Despite the significant amount of applications, especially in optoelectronics and microelectronics, the fabrication of nano-objects with a digital and non-contact technology is still a dream. The main nanofabrication technologies, such as photolithography, E-beam lithography, focused ion beam or nano-imprint, are expensive, complex to operated, time consuming and for most of them not digital.

In this project, we propose to develop a digital printing technology to realize 3D structures by the deposition of pixels with elementary sizes ranging from 100nm to few micrometers. The approach is based on the double pulse Laser-Induced Forward Process (LIFT) and this study will be focused on metallic and semiconductor materials. The process consists in the irradiation by a first long duration laser pulse of a solid thin film deposited on a transparent donor substrate, to locally melt the film, followed by a second irradiation with a short pulse laser beam (fs, ps) to initiate the transfer of a liquid jet or a single droplet towards a receiver substrate, set in front of the donor one, and to form a solid pixel on the receiver. This double pulse LIFT technique has been patented in 2015 and the first studies have validated the concept and led to the printing of sub-micrometers pixels of copper [1, 2].

The development of laser printing at the nanometer scale represents a real challenge. The mechanisms leading to the formation of liquid jet in these conditions are not yet clearly determined, and the influence of the material properties (viscosity, surface tension, density …) in liquid phase on the formation, the dynamics and the stability of the jet have never been investigated at these spatial scales.
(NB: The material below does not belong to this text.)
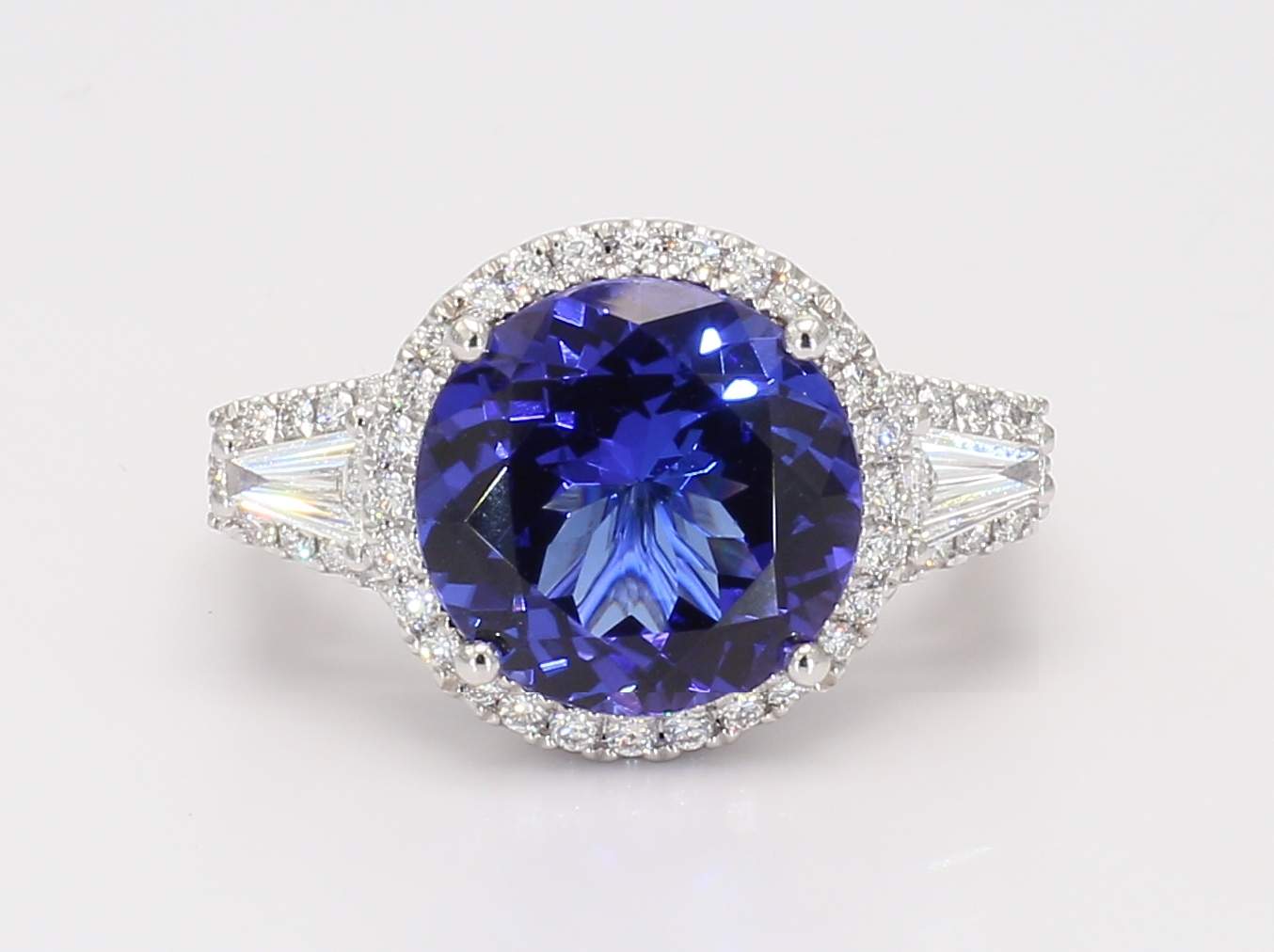 ROUND TANZANITE & TAPERED BAGUETTE & ROUND DIAMOND PLATINUM RING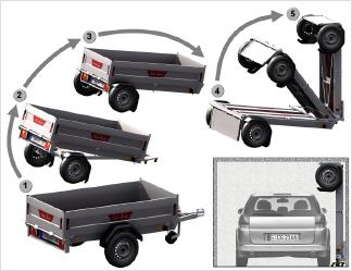 Entwickelt und patentiert hat den Anhänger mit dem etwas skurrilen Namen die Firma „Stefan Wenner Technologies“ aus Empfingen. Mit einem Klappmechanismus werden die Wände des Kastenaufbaus nach innen geklappt, die Ladefläche wird nach vorne verschoben und die Kotflügel weggeschwenkt. Danach ist der Anhänger insgesamt 70 Zentimeter kürzer und kann noch bequem in der Garage herumgeschoben werden. Er kann in einer Standardgarage sowohl an einer Seitenwand als auch an der Stirnwand einfach senkrecht auf die Heckklappe aufgestellt werden. Die größte Platzeinsparung wird aber erreicht, wenn die Räder beim Aufstellen nach oben gerichtet sind. Sie ragen dann über den PKW und brauchen wenig Platz. Wenner bietet ein Handwindenset an, zu dem eine Seilwinde, Umlenkrollen und Wandbefestigungen gehören. Das Zusammenklappen und Aufstellen mit der Handwinde soll (bei einer Mindesthöhe der Garage von 223 cm) weniger als zwei Minuten dauern.

The main scientific objective of the thesis is to provide a better understanding of the physics of the double pulse LIFT process at the nanoscale. The dynamics of the ejection process will be experimentally investigated by means of time-resolved shadowgraphy and correlated with the morphologies of the printed pixels (SEM, AFM). Based on this knowledge, the experimental setup will be optimized (sub-micrometer laser spot size, control of the donor-receiver gap …) to allow a reproducible printing of nano-pixels of various materials. To reach this objective, both the thickness of the donor film and the beam diameter need to be downscaled. To do so, specific beam shaping will be implemented, as for instance the use of an axicon to transform the Gaussian beam into a Bessel beam. Then using this new architecture, printing experiments will be realized to transfer nano-droplets of metal (copper, gold, alloys) and semiconductors. A specific attention will be paid to the process repeatability (positioning, size …), which is quite challenging at the nanoscale but mandatory to build 3D structure.

To demonstrate the potential of this technology in terms of applications, 2D and 3D structures will be printed and their morphological, chemical and physical properties characterized. One of the objectives is the realization of photonic crystals and metamaterials with unique properties in the visible range. The design of these structures will be selected from the literature or defined thanks to a collaboration with Fresnel Institute. After printing, the optical properties of these structures will be characterized.

References
- [1] LI Q., ALLONCLE A.-P., GROJO D. DELAPORTE Ph., ‘Generating Liquid Nanojets from Copper by Dual Laser Irradiation for Ultra-High Resolution Printing’, Optics Express 25 (20), pp. 24164-24172 (2017)
- [2] LI Q., ALLONCLE A.-P., GROJO D. DELAPORTE Ph., ‘Laser-induced nano-jetting behaviors of liquid metals’, Applied Physics A 123, 718, (2017)

Keywords : Laser-matter interaction, laser printing, beam shaping, material characterization, nano-materials

Required skills : background in one or several of the following fields is required

  • Education : Optics & Photonics, material sciences
  • Practice : experimental, laser alignment, beam shaping, material characterization (SEM, AFM), imaging

Mode of application. To apply, please send an email to Philippe Delaporte, philippe.delaporte@univ-amu.fr including a detailed CV, and contact details of at least two references (letters of recommendation are not required at this stage).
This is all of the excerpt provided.